At the company’s annual conference in November, Sanford shared the audacious goal of reaching 500,000 agents by 2026. Although it has yet to achieve six figures, its latest growth report suggests it’s on track to become one of the largest real estate companies in the U.S., by agent count.
Sanford credited the brokerage’s rapid-fire growth to its culture and ability to attract high-producing teams, which have flocked to the virtual brokerage in hopes of breaking past growth plateaus that can be common with brick-and-mortar setups.
“I tried and tried,” DC-based team leader Jonathan Lahey said in Inman’s June feature about eXp’s team growth. “I tried to make the numbers work for years. I thought maybe we could do it with different brokerages. But that wasn’t going to work because the overhead isn’t just the franchise and franchise fee. It’s the staff and the office space. We weren’t going to be profitable for years.”
“We’re borderless,” he added. “We literally can expand anywhere we want.”
Although eXp is facing increased competition from franchisors who are retooling their team structures and venturing into more digital-based models, Sanford said he’s confident in eXp’s ability to reach 100,000 agents by the end of 2022 and 500,000 agents by 2026 based on the company’s history of growing its agent count by at least 50 percent every year.
“If we just do the math, then by 2024, [there’s] potential that we would have the largest single real estate brand worldwide by agent count,” Sanford said in Inman’s 2022 eXp outlook. “So that’s just using 50 percent. If we grow something more akin to where we have been growing, we could be there potentially by the end of 2023. So, pretty ambitious growth goals, but I think they’re definitely reasonable just in terms of thinking about where we’re growing to.”
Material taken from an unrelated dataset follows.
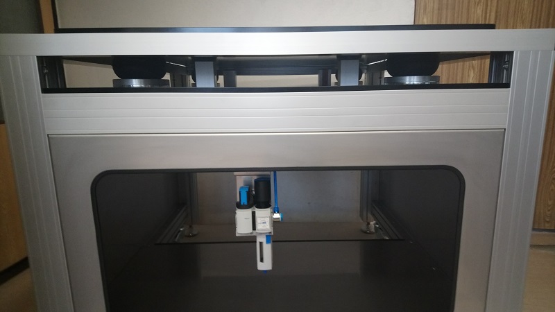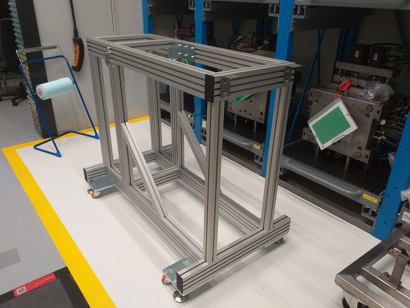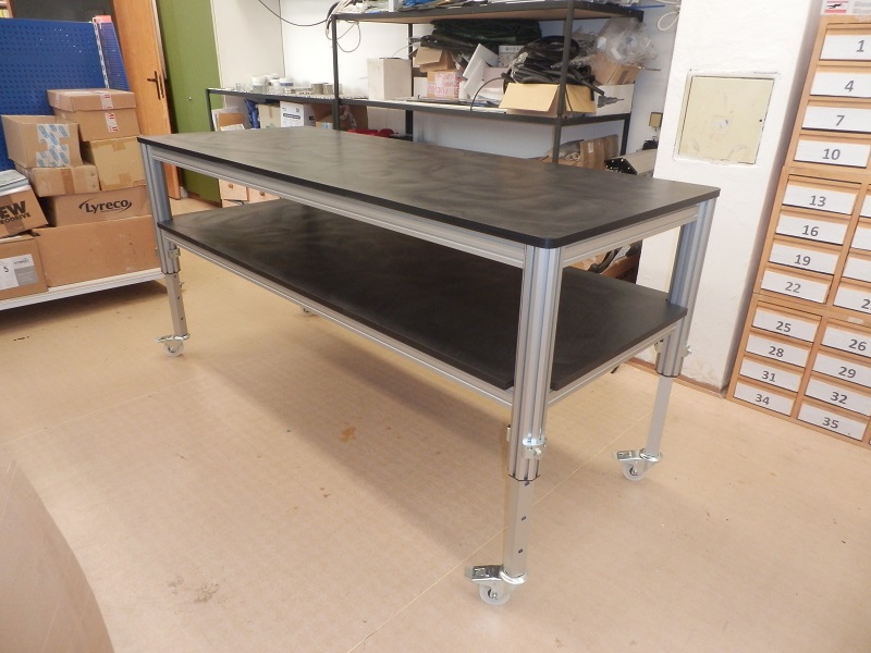 Stůl pod tiskárnuTento stůl je navržen pro instalaci průmyslové tiskárny. Vzmledem k hmotnosti tiskárny a požadavkům na tuhost celého stolu byly použity profil 100x50 a 50x50mm. |

Sanford also said eXp is ahead of the curve with the metaverse, as the company already has a 12-year head start thanks to its virtual world, VirBELA.”Where we’ve always gone is to the 2D version of the 3D immersive experience. Meaning we do it from the desktop, from the laptop. Now from our phones,” he told Inman in November of how VirBELA is evolving. “Through FrameVR.io, we’re able to actually hook together multiple spaces.”
If eXp is able to sustain its growth and reach 500,000 agents, it would make the Seattle-based brokerage a mind-blowing 165 percent bigger than its longtime rival Keller Williams, which eXp is currently battling in Texas courts over the recruitment of Mark Willis, a former KW chief executive officer on the road to to joining eXp in an undisclosed executive role.
They’d also be 48 percent larger than the current agent count leader, Realogy, whose brokerage brands collectively have approximately 337,000 agents across the world. Although plenty of people have faith in the behemoth’s ability to reach half a million agents, there’s one main challenge: having enough agents to do so.
“They just need more bandwidth, which is relatively cheap,” Jay Thompson, a former broker and Zillow executive as well as an Inman contributor told Inman in November about the logistics behind eXp’s plan. “As long as they can scale and shift when needed (and I think they can) in what they offer their agents, in theory, they have no upper constraint.”
“[However], I just don’t think there are enough agent bodies out there for any single brokerage to have 500,000,” he added.